En 1240, los Tártaros invadieron Ucrania y Polonia. El Duque Enrique II les presentó la batalla cerca de Wahlstadt. Se dice que los Tártaros emplearon entonces los gases venenosos: «un humo espeso y nauseabundo brotaba en forma de serpiente de unos tubos de cobre y embrutecía a los soldados polacos». Enrique pereció en la batalla.
Santa Eduviges tuvo una revelación sobre la muerte de su hijo tres días antes de que llegase la noticia y dijo a su amiga Dermudis: «He perdido a mi hijo; se me ha escapado de las manos como un pajarillo y jamás volveré a verle».
Cuando el mensajero trajo la triste noticia, Santa Eduviges consoló a su hija Gertrudis y a Ana, la esposa de Enrique. Dios premió la fe de su sierva con el don de milagros. Una Religiosa ciega recobró la vista cuando la Santa trazó sobre ella la señal de la cruz. El biógrafo de Eduviges relata varias otras curaciones milagrosas obradas por ella y menciona diversas profecías de la Santa, entre las que se contaba la de su propia muerte.
Durante su última enfermedad, Santa Eduviges pidió la extremaunción cuando todos la creían fuera de peligro. Murió en octubre de 1243 y fue sepultada en Trebnitz.
Su Canonización se llevó a cabo en 1267. En 1706 la fiesta de Santa Eduviges fue incluida en el calendario general de la Iglesia de Occidente.
Tendía siempre hacia Dios
De la Vida de Santa Eduvigis, escrita por un autor contemporáneo
Sabiendo la sierva de Dios que aquellas piedras vivas destinadas a ser colocadas en el edificio de la Jerusalén celestial deben ser pulimentadas en este mundo con los golpes repetidos del sufrimiento, y que para llegar a aquella gloria celestial y patria gloriosa hay que pasar por muchas tribulaciones, se puso toda ella a merced de las aguas de los padecimientos y trituró sin compasión su cuerpo con toda clase de mortificaciones. Eran tan grandes los ayunos y abstinencias que practicaba cada día, que muchos se admiraban de que una mujer tan débil y delicada pudiera soportar semejante sacrificio.

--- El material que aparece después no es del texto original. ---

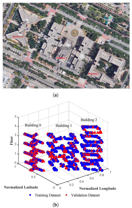 Spatial distributions. (a) Buildings on the UJI campus map from Google Earth. (b) Spatial distributions of training and validation dataset.
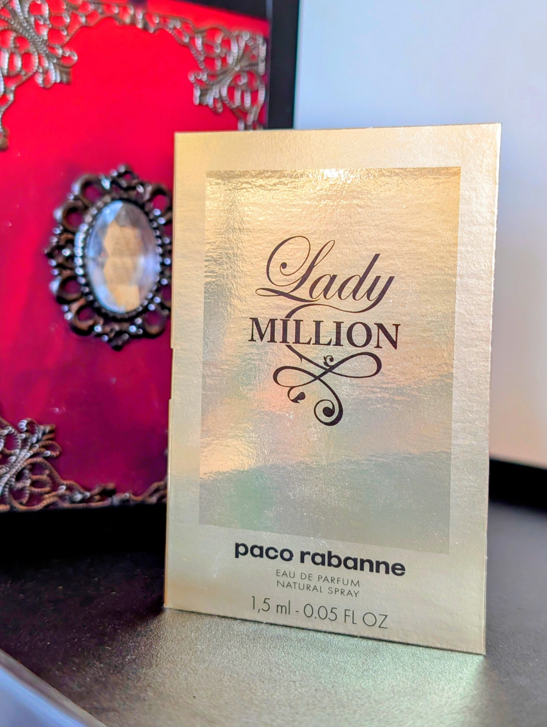 1.5 ml sample of Lady Million perfume. Eau de parfum natural spray. Gold packaging.

Cuanto más grande era su denuedo en mortificar el cuerpo, sin faltar por eso a la debida discreción, tanto más crecía el vigor de su espíritu y tanto más aumentaba su gracia, tomando nuevo incremento el fuego de su devoción y de su amor a Dios. Muchas veces la invadía un deseo tan ardiente de las cosas celestiales y de Dios, que quedaba sin sentido y ni se daba cuenta de lo que ocurría a su alrededor.
Al mismo tiempo que el afecto de su mente tendía siempre hacia Dios, sus sentimientos de piedad la inclinaban hacia el prójimo, impulsándola a dar abundantes limosnas a los pobres y a socorrer a las asociaciones o personas religiosas, ya viviesen dentro o fuera de los monasterios, como también a las viudas y a los niños, a los enfermos y a los débiles, a los leprosos y a los encarcelados, a los peregrinos y a las mujeres lactantes necesitadas, sin permitir nunca que marchase con las manos vacías cualquiera que acudía a ella en busca de ayuda.
Y, porque esta sierva de Dios nunca dejó de practicar las buenas obras que estaban en su mano, Dios le concedió la gracia de que, cuando sus recursos humanos llegaban a ser insuficientes para llevar a cabo sus actividades, la fuerza de Dios y de la Pasión de Cristo la hiciera capaz de realizar lo que demandaban de ella las necesidades del prójimo. Así pudo, según el beneplácito de la voluntad divina, auxiliar a todos los que acudían a ella en petición de ayuda corporal o espiritual.